CRITICAL ACCOUNTING ESTIMATES AND JUDGEMENTS
The preparation of financial statements in conformity with IFRS requires the
use of estimates and assumptions that affect the reported amounts of assets
and liabilities at the date of the financial statements and the reported
amounts of revenues and expenses during the reporting year. These estimates
and assumptions are based upon management's knowledge and experience of the
amounts, events or actions. Actual results may differ from such estimates.
Estimates and judgements are continually evaluated and are based on historical
experience and other factors, including expectations of future events that are
believed to be reasonable under the circumstances.

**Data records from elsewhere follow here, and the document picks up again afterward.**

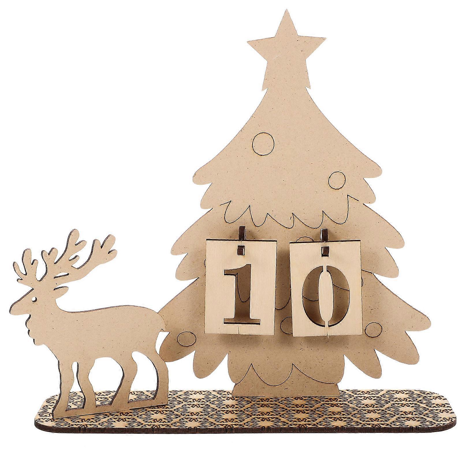 Mini Wood Ornaments Wooden Countdown Calendar Beige Festive Decor 19.5X19X6CM 1Set
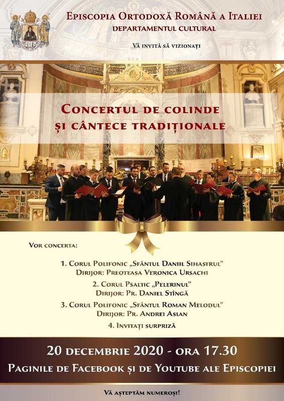 Duminică, 20 decembrie, pe pagina de Facebook și pe canalul YouTube al Episcopiei Ortodoxe Române a Italiei, veți putea urmări un Concert de colinde susținut de câteva dintre corurile din eparhie, dar și de oaspeți dragi.
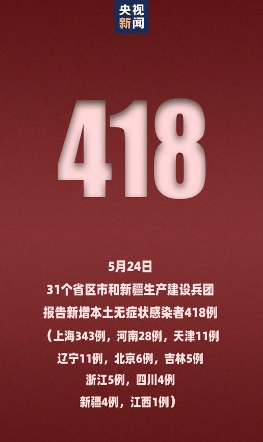 31个省(自治区、直辖市)和新疆生产建设兵团报告新增无症状感染者473例,其中境外输入55例,本土418例(上海343例,河南28例,天津11例,辽宁11例,北京6例,吉林5例,浙江5例,四川4例,新疆4例,江西1例)。
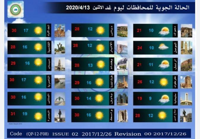 أعلنت هيئة الأنواء الجوية عن تقريراً لحالة الجوية لهذا اليوم الأحد و الأيام التي تليه مع تقرير كميات الترسبات المائية النازلة في محطات العراق خلال ال 24ساعة الماضية صادرة من قسم التنبؤ الجوي في الهيئة العامة للأنواء الجوية والرصد الزلزالي إحدى تشكيلات وزارة النقل.
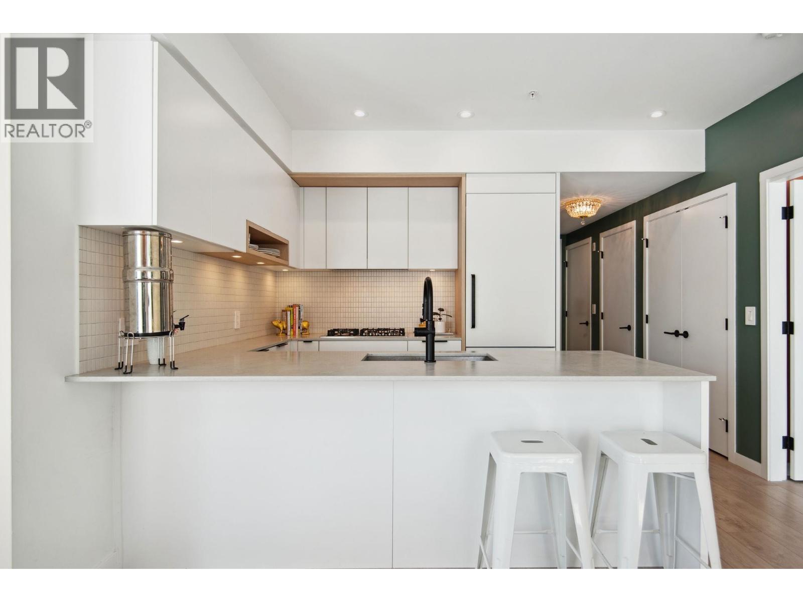 | Welcome to Habitat by Porte Developments, an urban oasis in the heart of vibrant Mount Pleasant. This south-west corner 2-bed, 2-bath home by award-winning Formosis Architecture offers high 8'8" ceilings and a bright, modern design. Features include laminate flooring, matte cabinetry, quartz countertops, under-cabinet LED lighting, matte black fixtures, and integrated Fulgor Milano appliances. Enjoy a private balcony off the living room and second bedroom. The primary bedroom includes a spa-like ensuite and the spacious second bedroom is perfect for your little ones or a home office. Residents enjoy a rooftop lounge with BBQs, dining areas, seating, fire pits, and a communal lounge/office space. Steps to transit, shopping, and top Mount Pleasant restaurants. O/H: Feb. 21st & 22nd, 1-3PM (id:5347) | |||
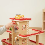 Copiii pot ridica ușor mașinuțele între etaje cu ajutorul liftului mecanic – sprijină coordonarea și motricitatea fină.
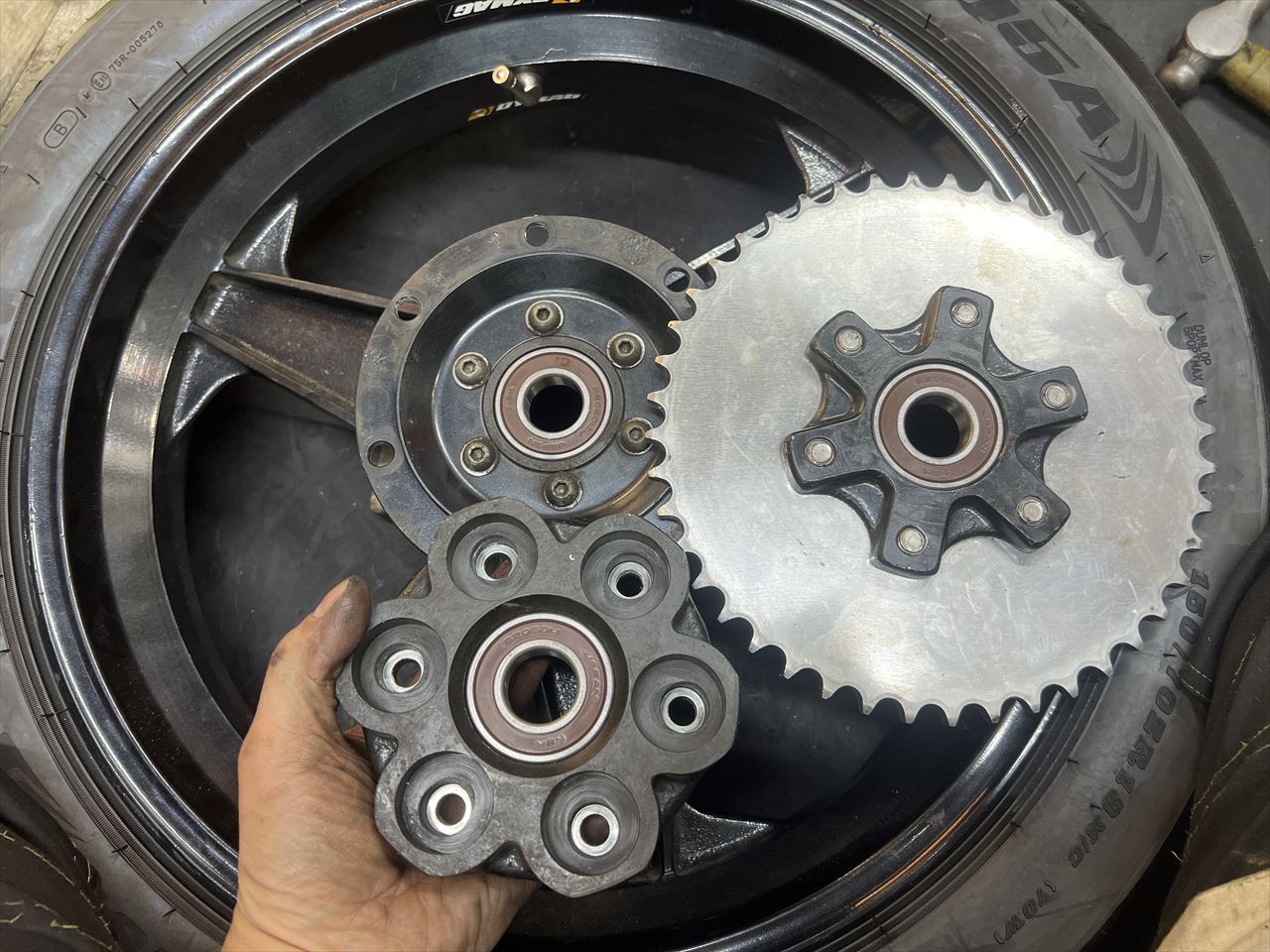 ベアリングが外れました。スプロケキャリアやハブダンパー、ダンパーハウジングなどは特に問題無いので継続使用します。
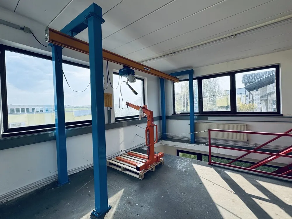 Die technische Ausstattung ist auf hohem Niveau: Eine bodenlose Kranbahn mit 250kg Tragkraft im Erdgeschoss sowie eine Kranbahn mit 500kg im Obergeschoss ermöglichen den sicheren Transport schwerer Lasten auf beiden Ebenen.
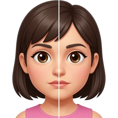 girl with black hair and the hair transforming into black hair with bangs that are half teal emoji
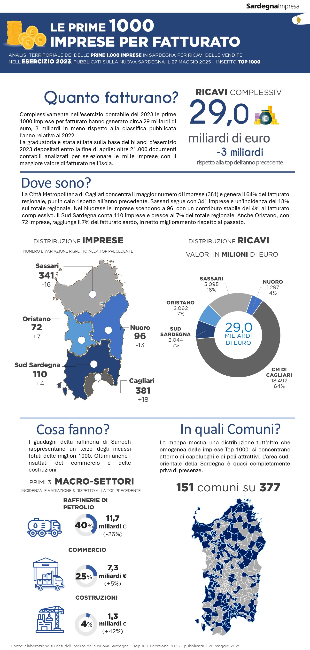 L’edizione 2025 della classifica “Top 1000” delle aziende sarde, relativa all’esercizio 2023, evidenzia un fatturato complessivo pari a circa 29 miliardi di euro, in diminuzione di 3 miliardi di euro rispetto alla rilevazione precedente. Il contributo della raffineria di Sarroch risulta particolarmente rilevante, generando da sola circa un terzo dei ricavi totali. Significativi anche i risultati dei settori del commercio e delle costruzioni.
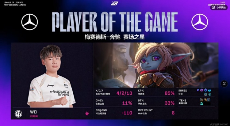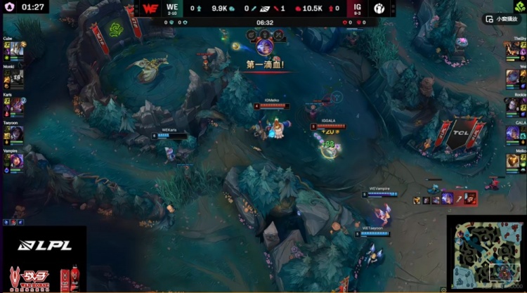 【6:32】河道遭遇,Wei波比闪现壁咚+坚定风采卡住了Monki猴子位置,GALA芸阿娜交闪拿下一血!iG随后借助Wei波比大招锤飞掉了Monki猴子,拿下第一条小龙!
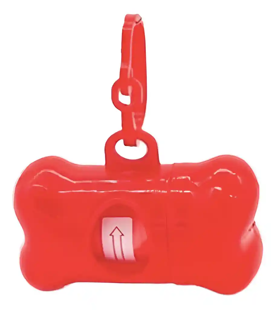America store te trae El Porta Bolsa Huesito Para Mascotas + Bolsa Porta bolsas con diseño de hueso, cuenta con un orificio en donde podrá guardar las bolsas higiénicas y gancho ideal para fijar al collar o arnés de su mascosta. Cuenta con rollo de repuesto. Material: Plástico Color: Rojo, azul, negro, Disponible para Razas pequeñas, medianas y grandes
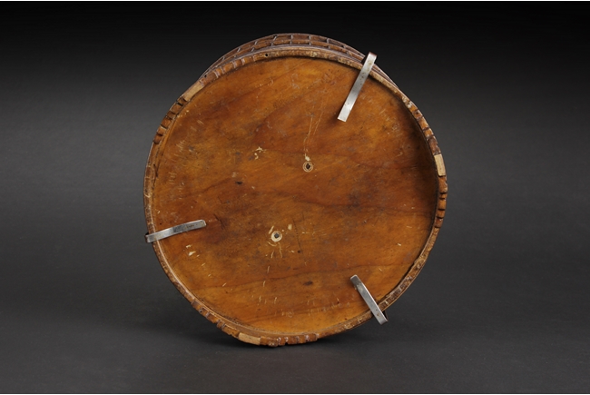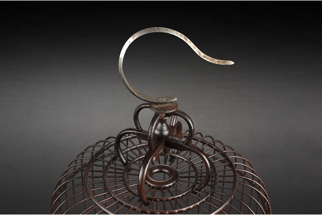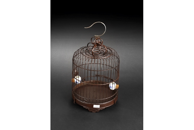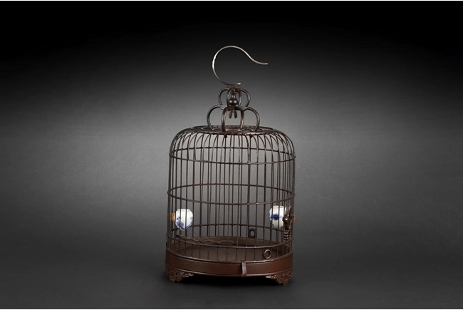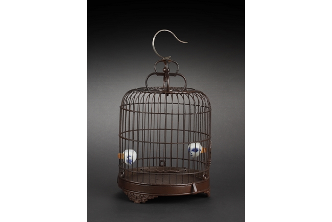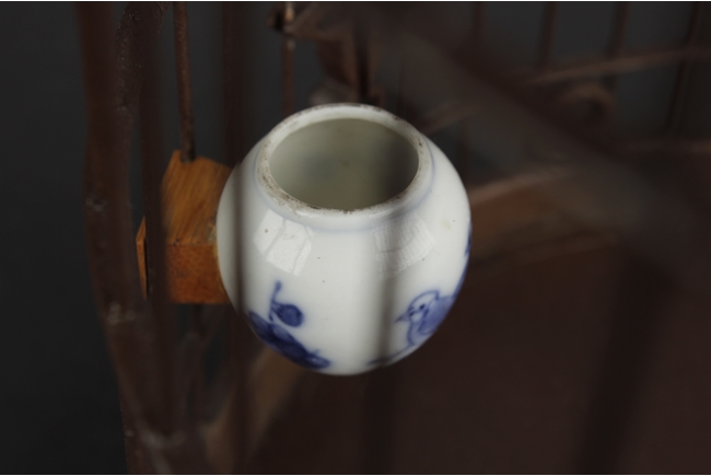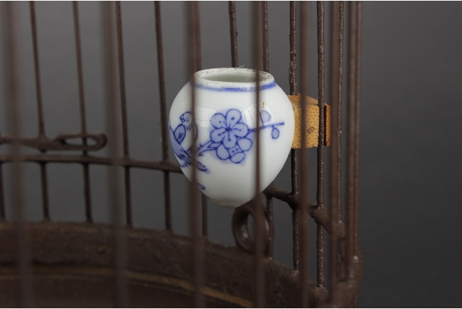 The cylindrical cage was made from bamboo, with two blue and white porcelain bird feeders attached to the side, depicting plum flowers and birds, top attached with hanging hook.
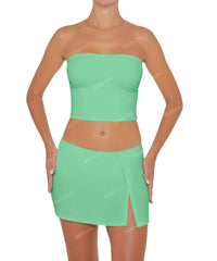 - Detail Feature: Swim skirt bottom, Skirt with basic bikini bottom attached, Slit detail
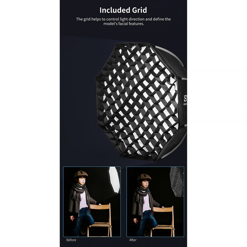 Bên cạnh đó, softbox đi kèm hai lớp khuếch tán (inner + outer diffusion) giúp tăng độ mềm của ánh sáng, đồng thời làm giảm độ tương phản mạnh, mang đến làn sáng mịn và tự nhiên hơn cho khuôn mặt. Đặc biệt, lưới định hướng ánh sáng (fabric grid) cũng được tặng kèm, hỗ trợ kiểm soát phạm vi chiếu sáng, giảm ánh sáng tràn và tăng chiều sâu cho hình ảnh – điều rất quan trọng trong quay phim cinematic và setup phức tạp trong studio.
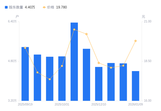日期A股户数(户)流通A股户均持股数(股)户均持股市值(万元)2026-01-09439905363.3310.612025-12-31471195007.179.122025-12-19472634991.919.032025-12-10456655166.609.502025-11-28529884452.579.002025-11-20635843710.577.612025-10-31499394724.428.602025-10-20497854739.038.232025-09-30506724656.088.282025-09-19537204391.908.49
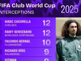 世俱杯拦截次数榜:库库雷利亚12次居首,帕尔梅拉斯三人上榜
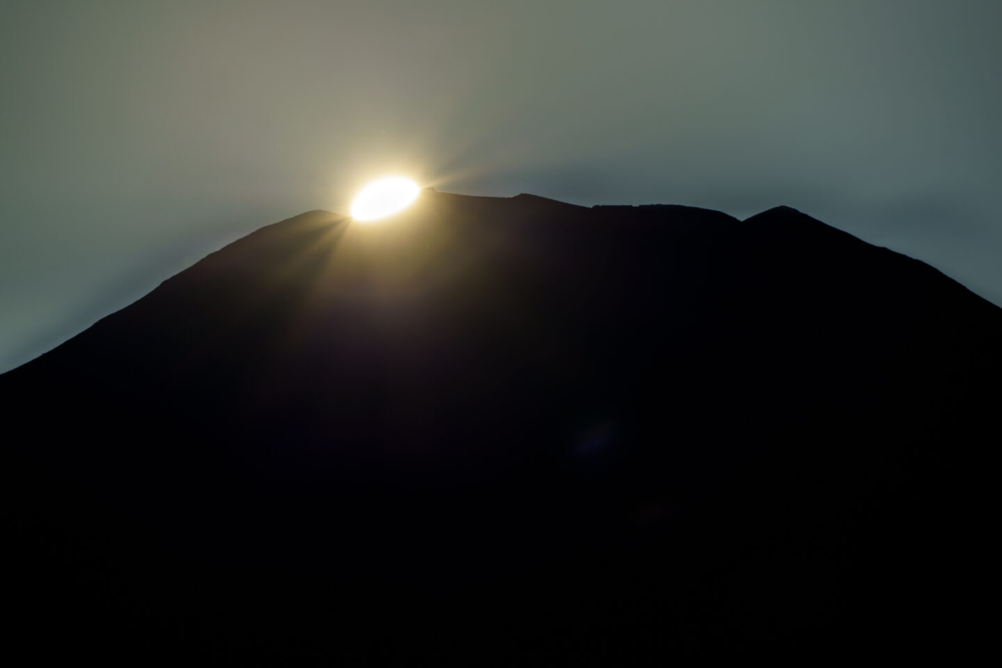 ゴーストを最小限にして美しい光条を得るためには、富士山頂に太陽が半分から2/3くらい隠れるタイミングが良いとされています。それは太陽が富士山頂に多く隠れているほど逆光が弱まってゴーストが目立たなくなるということが理由の一つですが、隠れすぎるとダイヤモンドの輝きが弱くなるのでシャッターを押すタイミングがとても重要となります。
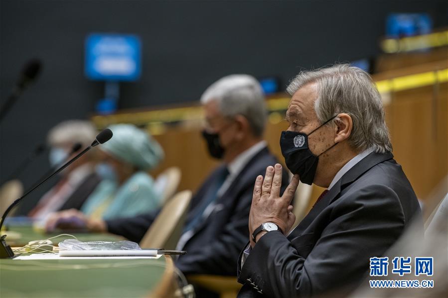 10月22日,在位于纽约的联合国总部,联合国秘书长古特雷斯(前)观看联合国日音乐会录像。

In certain circumstances, where fair value cannot be readily established, the
Company is required to make judgements over carrying value impairment and
evaluate the size of any impairment required.
FAIR VALUE OF FINANCIAL INSTRUMENTS
The Company holds investments that have been designated as held for trading on
initial recognition. Where practicable the Company determines the fair value
of these financial instruments that are not quoted (Level 3), using the most
recent bid price at which a transaction has been carried out (see accounting
policy note, "Valuation of financial asset investments"). These techniques are
significantly affected by certain key assumptions, such as market liquidity.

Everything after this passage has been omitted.